Start of Supplied material
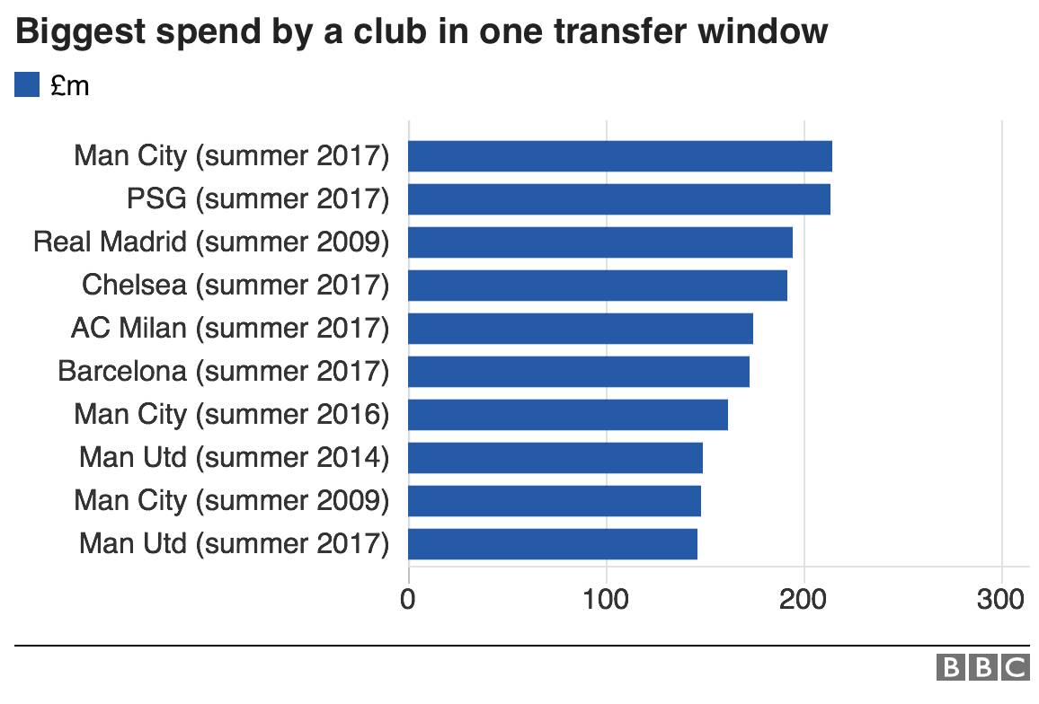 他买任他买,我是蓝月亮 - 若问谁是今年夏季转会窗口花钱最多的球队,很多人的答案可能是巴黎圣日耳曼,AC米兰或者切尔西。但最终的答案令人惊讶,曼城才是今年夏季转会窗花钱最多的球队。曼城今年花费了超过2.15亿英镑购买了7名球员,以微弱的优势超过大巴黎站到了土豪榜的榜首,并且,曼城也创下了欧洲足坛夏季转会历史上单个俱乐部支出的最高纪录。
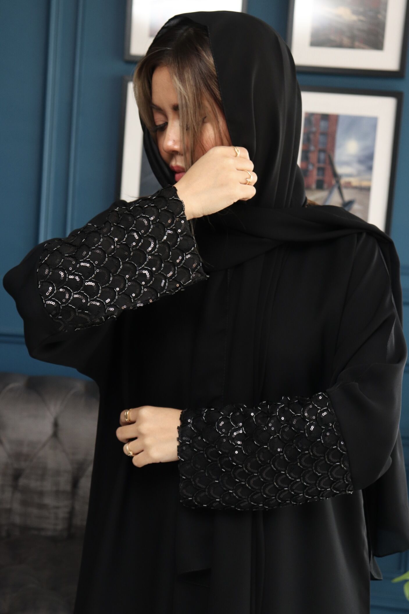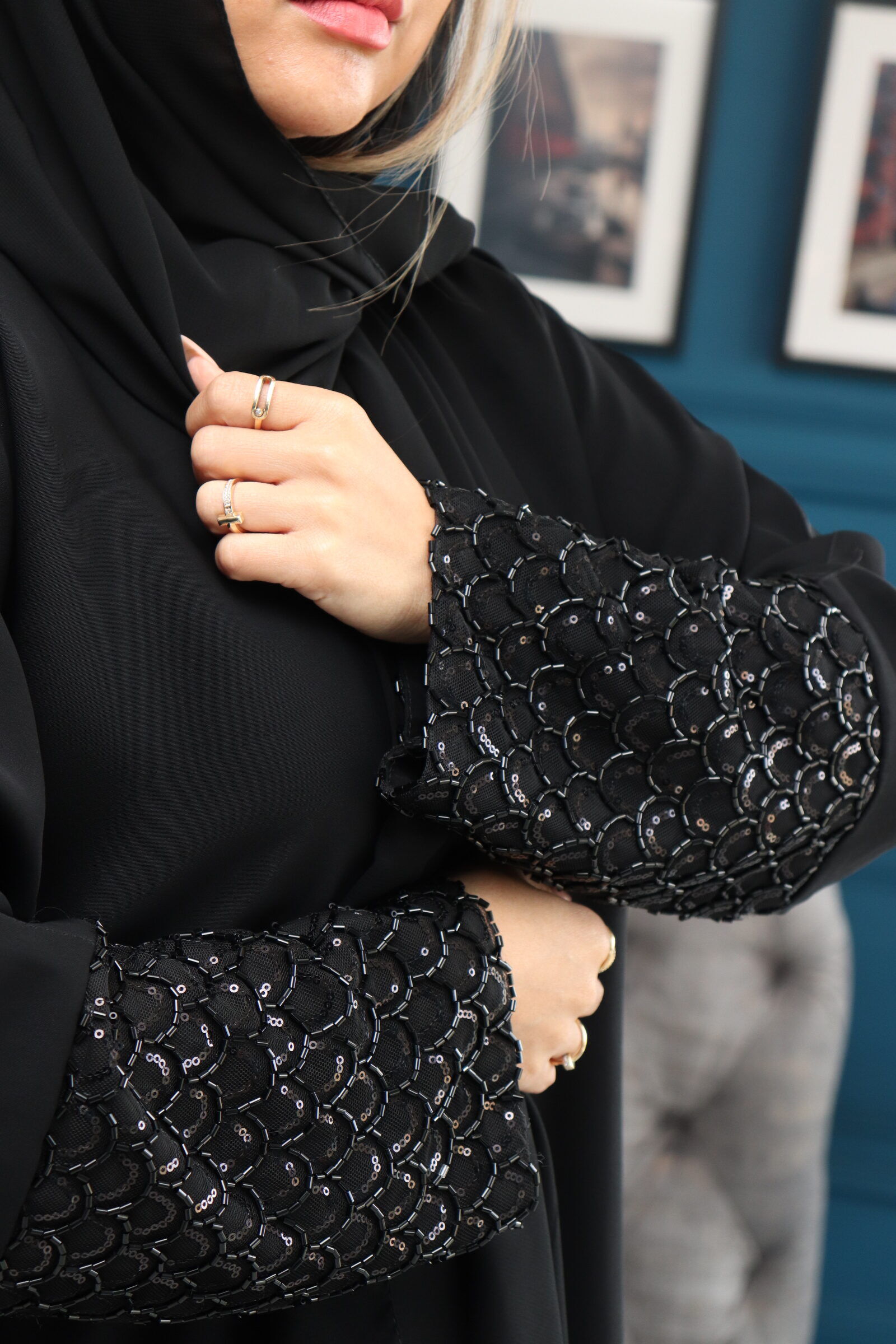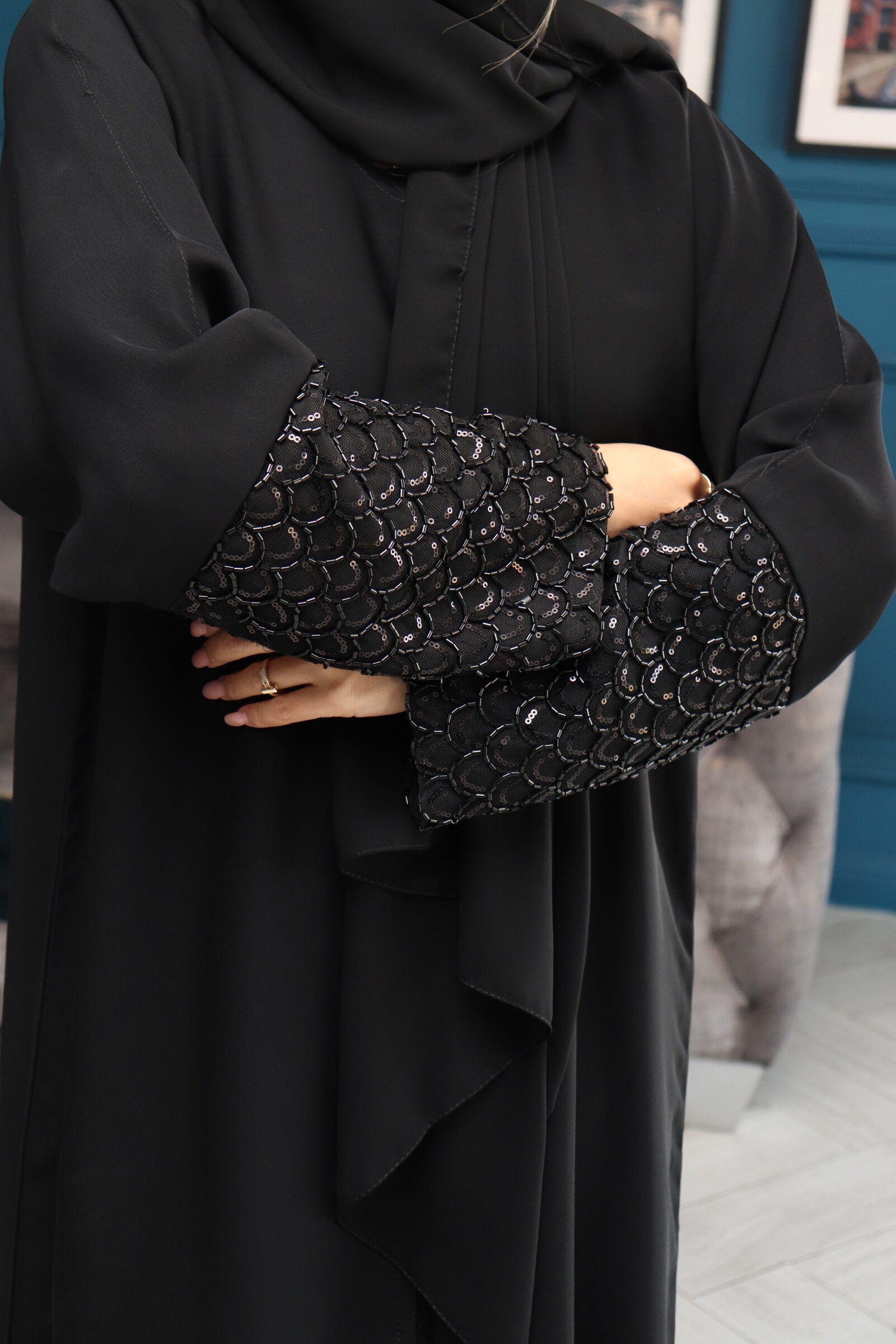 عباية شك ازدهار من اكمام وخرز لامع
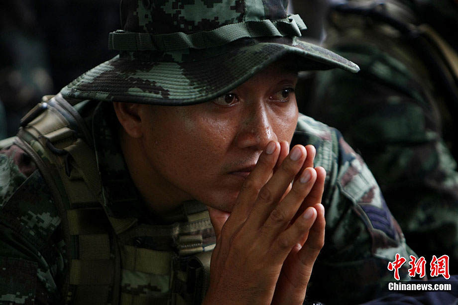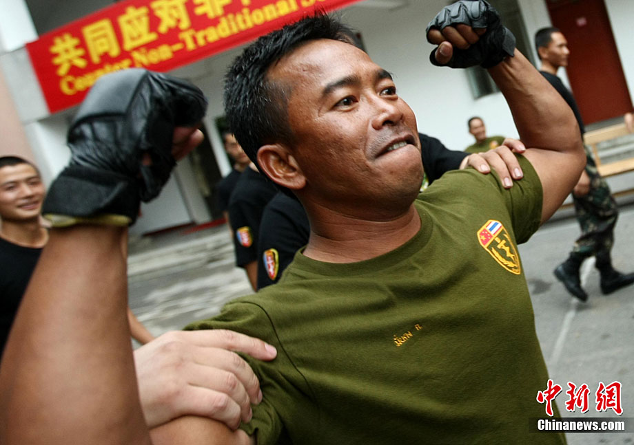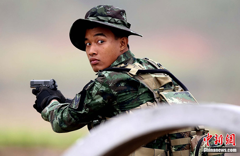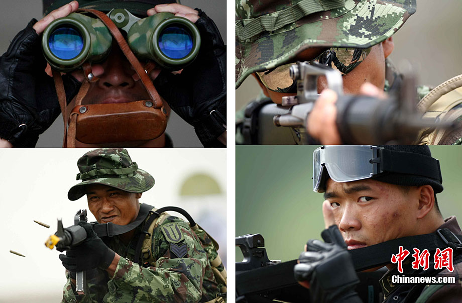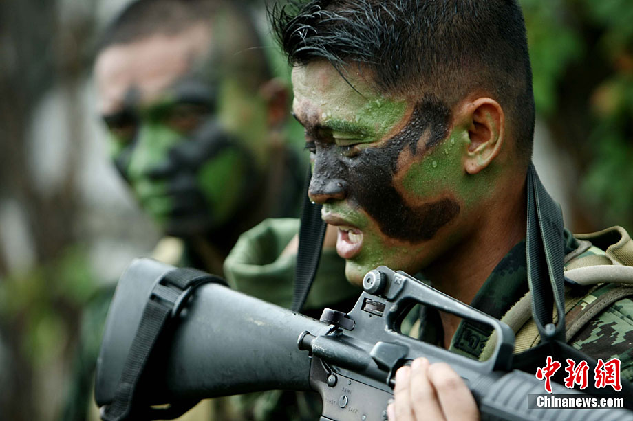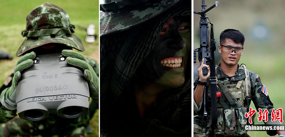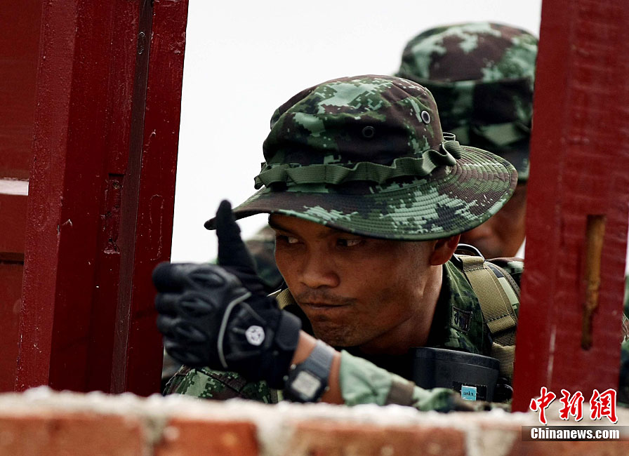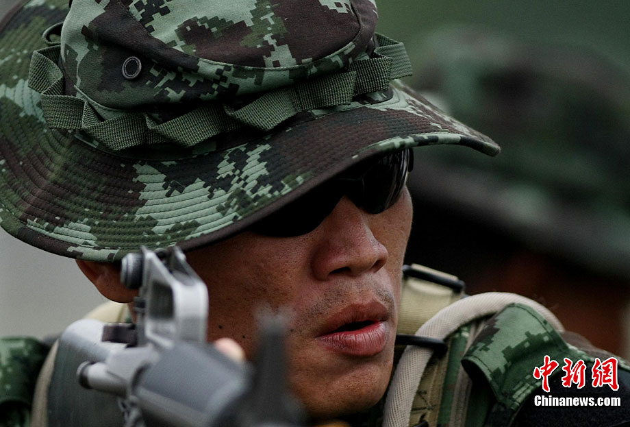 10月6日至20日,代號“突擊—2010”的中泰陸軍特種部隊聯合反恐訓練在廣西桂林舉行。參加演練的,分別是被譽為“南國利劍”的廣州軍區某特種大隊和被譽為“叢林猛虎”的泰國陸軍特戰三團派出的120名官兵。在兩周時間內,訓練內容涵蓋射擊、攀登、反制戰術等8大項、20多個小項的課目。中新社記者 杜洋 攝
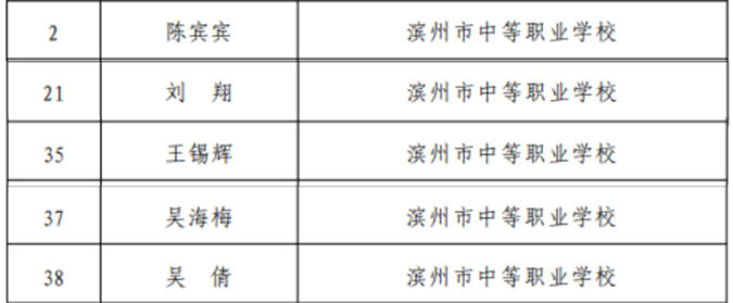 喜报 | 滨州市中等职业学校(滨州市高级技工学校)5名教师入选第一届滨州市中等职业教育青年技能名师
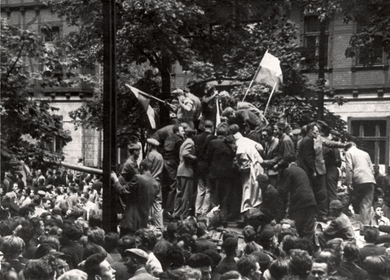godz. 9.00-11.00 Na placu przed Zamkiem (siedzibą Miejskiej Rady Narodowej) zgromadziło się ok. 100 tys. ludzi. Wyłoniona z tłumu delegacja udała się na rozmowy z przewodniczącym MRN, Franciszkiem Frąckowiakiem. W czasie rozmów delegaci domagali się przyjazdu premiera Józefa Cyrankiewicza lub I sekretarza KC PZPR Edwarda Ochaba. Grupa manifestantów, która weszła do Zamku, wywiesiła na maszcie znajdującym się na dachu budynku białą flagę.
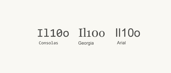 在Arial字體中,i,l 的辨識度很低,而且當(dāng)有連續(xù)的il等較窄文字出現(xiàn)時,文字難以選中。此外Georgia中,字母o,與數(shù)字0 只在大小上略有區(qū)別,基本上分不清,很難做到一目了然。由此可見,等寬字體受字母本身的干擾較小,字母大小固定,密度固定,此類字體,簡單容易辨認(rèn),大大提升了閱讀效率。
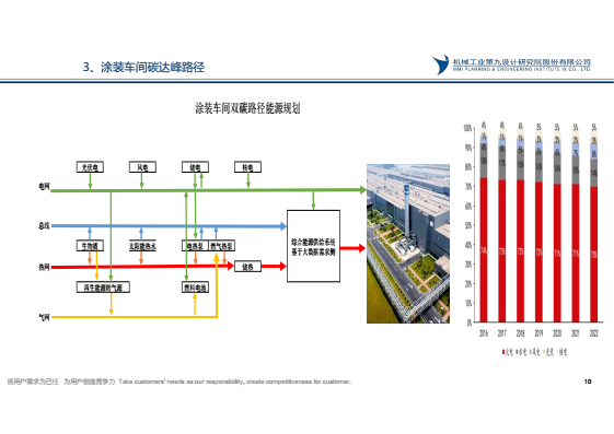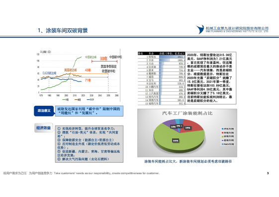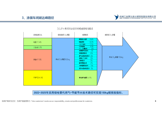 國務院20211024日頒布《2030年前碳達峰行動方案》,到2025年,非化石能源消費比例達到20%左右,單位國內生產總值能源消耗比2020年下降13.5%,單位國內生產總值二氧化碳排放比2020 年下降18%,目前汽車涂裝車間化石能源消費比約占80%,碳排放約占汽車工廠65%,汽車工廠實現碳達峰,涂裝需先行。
End of Supplied material
_Task directions_
Copy exactly the lines from the line that holds "عباية شك ازدهار من اكمام وخرز لامع" to the end of the listing, both included. Leave the pictures out.

_Task answer_
 عباية شك ازدهار من اكمام وخرز لامع
 10月6日至20日,代號“突擊—2010”的中泰陸軍特種部隊聯合反恐訓練在廣西桂林舉行。參加演練的,分別是被譽為“南國利劍”的廣州軍區某特種大隊和被譽為“叢林猛虎”的泰國陸軍特戰三團派出的120名官兵。在兩周時間內,訓練內容涵蓋射擊、攀登、反制戰術等8大項、20多個小項的課目。中新社記者 杜洋 攝
 喜报 | 滨州市中等职业学校(滨州市高级技工学校)5名教师入选第一届滨州市中等职业教育青年技能名师
godz. 9.00-11.00 Na placu przed Zamkiem (siedzibą Miejskiej Rady Narodowej) zgromadziło się ok. 100 tys. ludzi. Wyłoniona z tłumu delegacja udała się na rozmowy z przewodniczącym MRN, Franciszkiem Frąckowiakiem. W czasie rozmów delegaci domagali się przyjazdu premiera Józefa Cyrankiewicza lub I sekretarza KC PZPR Edwarda Ochaba. Grupa manifestantów, która weszła do Zamku, wywiesiła na maszcie znajdującym się na dachu budynku białą flagę.
 在Arial字體中,i,l 的辨識度很低,而且當(dāng)有連續(xù)的il等較窄文字出現(xiàn)時,文字難以選中。此外Georgia中,字母o,與數(shù)字0 只在大小上略有區(qū)別,基本上分不清,很難做到一目了然。由此可見,等寬字體受字母本身的干擾較小,字母大小固定,密度固定,此類字體,簡單容易辨認(rèn),大大提升了閱讀效率。
 國務院20211024日頒布《2030年前碳達峰行動方案》,到2025年,非化石能源消費比例達到20%左右,單位國內生產總值能源消耗比2020年下降13.5%,單位國內生產總值二氧化碳排放比2020 年下降18%,目前汽車涂裝車間化石能源消費比約占80%,碳排放約占汽車工廠65%,汽車工廠實現碳達峰,涂裝需先行。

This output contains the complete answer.